Farama-Foundation / D4RL

A collection of reference environments for offline reinforcement learning
Apache License 2.0
1.33k stars 286 forks source link

[Bug Report] `terminate_on_end` does not behave as documented #182

Open odelalleau opened 2 years ago

odelalleau commented 2 years ago

Describe the bug The docstring for qlearning_dataset() says:

        terminate_on_end (bool): Set done=True on the last timestep
            in a trajectory.

However, if you look at the code, it does not actually set done=True.

Code example

env = gym.make("maze2d-open-dense-v0")
dataset = d4rl.qlearning_dataset(env, terminate_on_end=True)
assert dataset['terminals'].sum() == 0  # but we would expect it to be >0

System Info Installed d4rl from pip on Linux.

Checklist

(there is a potentially related issue but it seems different to me: #145)

idigitopia commented 2 years ago

It is working as expected in my understanding.

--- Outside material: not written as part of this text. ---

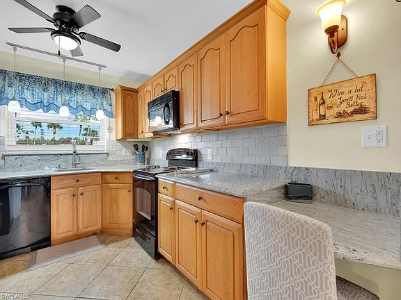 Beautifully upgraded ground floor unit in 55 Plus community. Impact resistant windows and slider. Enjoy the tranquility of your lanai overlooking a landscaped area. Two spacious bedrooms and two bathrooms make this a great size unit. Large walk-in closet in the master with custom shelving. Tile and luxury vinyl flooring throughout, no carpet. Located directly across from the pool and clubhouse this unit has an ideal location. Active community with pool, bocce, pickleball and tennis as well as many community events such as dinners, cards, yoga classes and painting classes. Unit is sold furnished.

The maze2d domain is designed such that the ball is "supposed to" stick around the end region. That means the episode does not terminate when we reach the goal rather it will wait for max time step signal. Since end of an episode through max_time_step reaching is not "terimnal" state, This should be the desired behavior.

Here is a counter example where the episode does end on reaching the goal .

image

odelalleau commented 2 years ago

If it's working as expected then probably it means it's the documentation that needs to be fixed?

The doc explicitly says it sets "done=True" on the final timestep of a trajectory, and it is not the case. When looking at the implementation, in the codepath where final_timestep is True, the done flag is not modified when terminate_on_end is True, which contradicts the doc.